PROVIDED RECORDS:

****************************************

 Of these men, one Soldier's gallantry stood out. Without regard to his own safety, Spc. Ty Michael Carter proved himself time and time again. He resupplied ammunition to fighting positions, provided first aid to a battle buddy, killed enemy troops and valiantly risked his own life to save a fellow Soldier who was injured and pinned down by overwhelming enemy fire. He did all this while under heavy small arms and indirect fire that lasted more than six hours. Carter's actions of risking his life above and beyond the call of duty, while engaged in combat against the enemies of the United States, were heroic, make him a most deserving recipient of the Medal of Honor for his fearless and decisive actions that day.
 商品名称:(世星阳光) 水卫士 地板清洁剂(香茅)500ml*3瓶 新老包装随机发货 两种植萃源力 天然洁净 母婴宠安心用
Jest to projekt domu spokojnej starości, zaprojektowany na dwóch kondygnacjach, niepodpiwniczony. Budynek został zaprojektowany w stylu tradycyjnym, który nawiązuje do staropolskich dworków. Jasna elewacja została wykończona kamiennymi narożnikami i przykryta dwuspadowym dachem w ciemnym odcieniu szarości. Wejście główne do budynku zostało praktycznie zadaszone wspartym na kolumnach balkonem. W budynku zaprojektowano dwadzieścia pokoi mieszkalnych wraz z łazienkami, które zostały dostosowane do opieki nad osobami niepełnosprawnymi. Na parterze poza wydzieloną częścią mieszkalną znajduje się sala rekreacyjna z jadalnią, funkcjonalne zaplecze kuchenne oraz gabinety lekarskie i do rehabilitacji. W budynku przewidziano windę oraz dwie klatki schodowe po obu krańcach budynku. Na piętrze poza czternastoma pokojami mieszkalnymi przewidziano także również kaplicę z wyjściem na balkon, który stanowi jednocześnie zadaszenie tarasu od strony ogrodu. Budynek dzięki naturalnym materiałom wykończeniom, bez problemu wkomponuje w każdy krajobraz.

****************************************

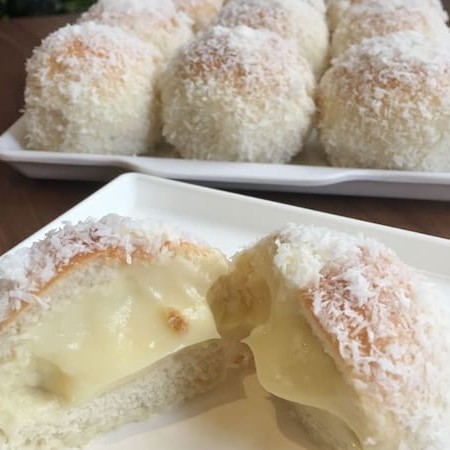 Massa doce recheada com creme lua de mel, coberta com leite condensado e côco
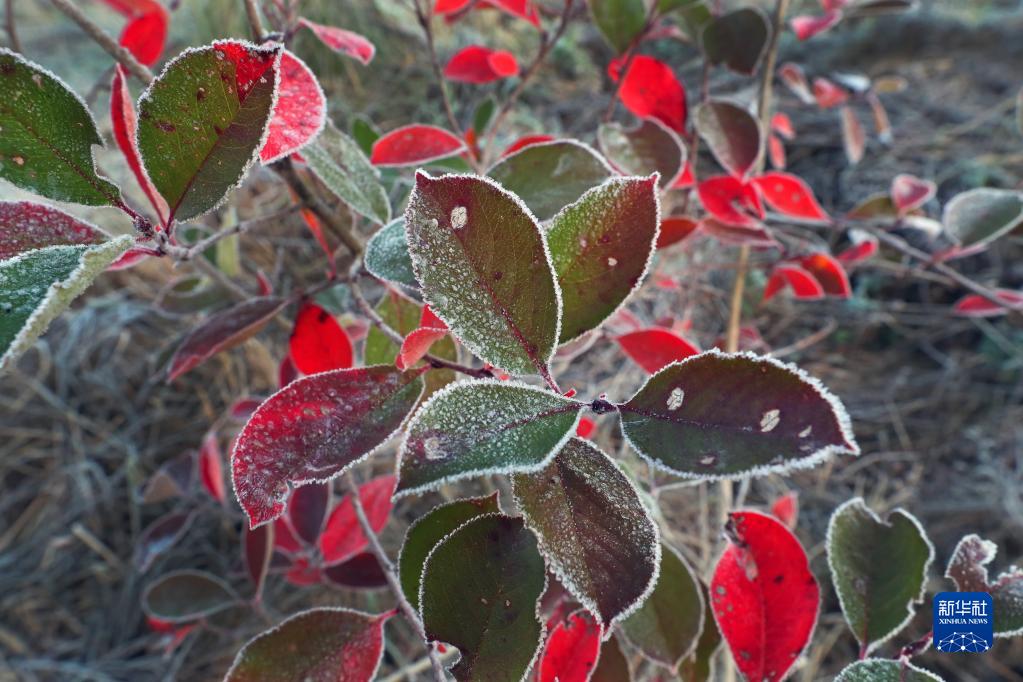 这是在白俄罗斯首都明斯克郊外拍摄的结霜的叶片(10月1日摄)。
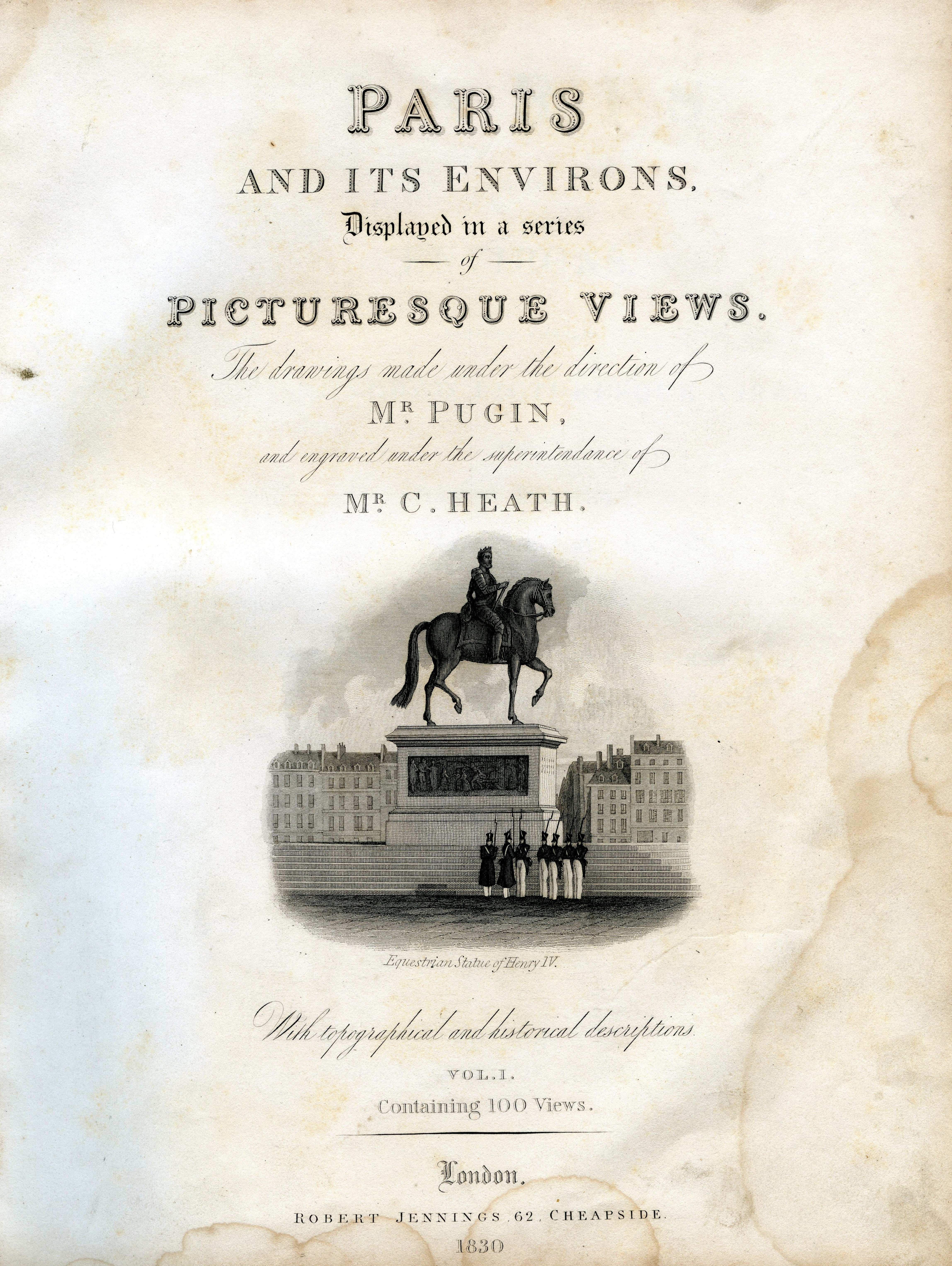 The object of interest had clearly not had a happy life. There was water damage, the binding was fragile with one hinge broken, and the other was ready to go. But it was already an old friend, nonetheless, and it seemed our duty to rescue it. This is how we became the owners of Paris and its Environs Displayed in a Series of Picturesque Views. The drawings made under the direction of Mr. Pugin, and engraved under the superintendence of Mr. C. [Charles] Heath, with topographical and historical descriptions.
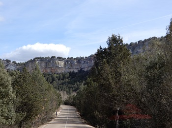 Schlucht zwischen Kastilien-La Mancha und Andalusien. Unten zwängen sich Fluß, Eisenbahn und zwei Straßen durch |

****************************************

WHAT THE TASK ASKS: Output exactly those lines of the data above that run from the line with "Massa doce recheada" up to and including the line with "这是在白俄罗斯首都明斯克郊外拍摄的结霜的叶片(10月1日摄)。". No pictures go in.

FINAL ANSWER:
 Massa doce recheada com creme lua de mel, coberta com leite condensado e côco
 这是在白俄罗斯首都明斯克郊外拍摄的结霜的叶片(10月1日摄)。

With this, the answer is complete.